*Exercise:* In the entries below, find the line containing "This key chain" and the line containing "Never Worn 110mm". Copy those two lines and everything between them exactly, and only that.

*Study material:*
____
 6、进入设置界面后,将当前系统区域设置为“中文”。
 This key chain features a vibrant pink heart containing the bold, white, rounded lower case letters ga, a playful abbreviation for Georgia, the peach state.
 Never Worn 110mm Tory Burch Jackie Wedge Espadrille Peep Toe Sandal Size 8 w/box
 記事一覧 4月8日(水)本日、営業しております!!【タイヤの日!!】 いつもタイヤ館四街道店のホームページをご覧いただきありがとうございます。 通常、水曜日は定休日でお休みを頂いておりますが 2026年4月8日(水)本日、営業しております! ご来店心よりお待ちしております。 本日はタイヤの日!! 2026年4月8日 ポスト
____
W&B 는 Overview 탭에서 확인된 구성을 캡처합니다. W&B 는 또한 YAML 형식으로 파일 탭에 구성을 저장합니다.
____
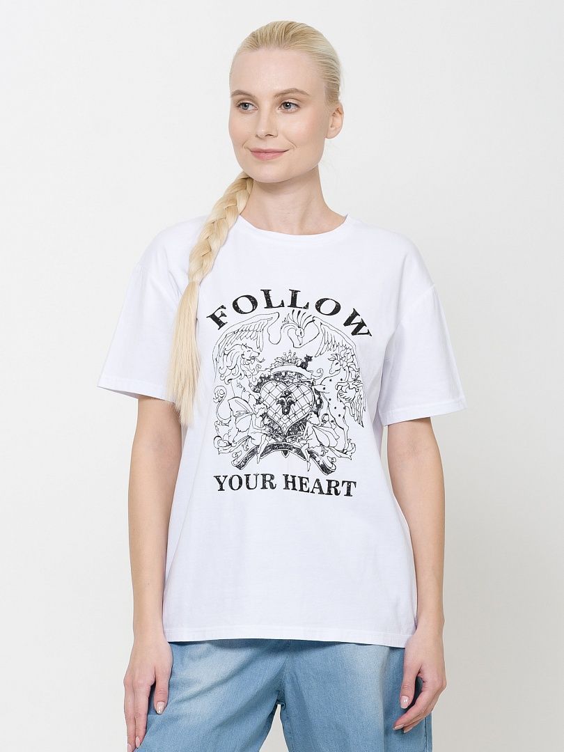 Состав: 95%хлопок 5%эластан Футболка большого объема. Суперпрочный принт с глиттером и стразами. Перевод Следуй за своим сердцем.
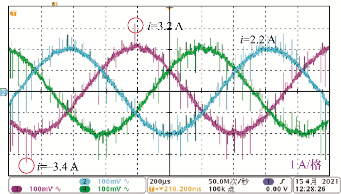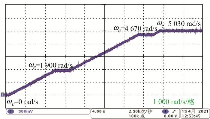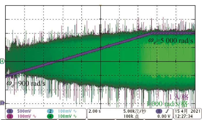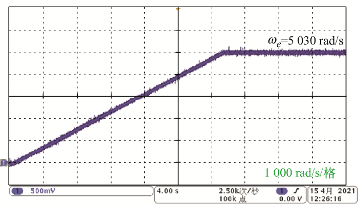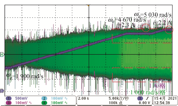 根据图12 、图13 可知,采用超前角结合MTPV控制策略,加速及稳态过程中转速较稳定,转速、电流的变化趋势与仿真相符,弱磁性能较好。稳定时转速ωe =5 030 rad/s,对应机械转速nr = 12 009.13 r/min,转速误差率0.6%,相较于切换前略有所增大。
____
*Result for this exercise:*
 This key chain features a vibrant pink heart containing the bold, white, rounded lower case letters ga, a playful abbreviation for Georgia, the peach state.
 Never Worn 110mm Tory Burch Jackie Wedge Espadrille Peep Toe Sandal Size 8 w/box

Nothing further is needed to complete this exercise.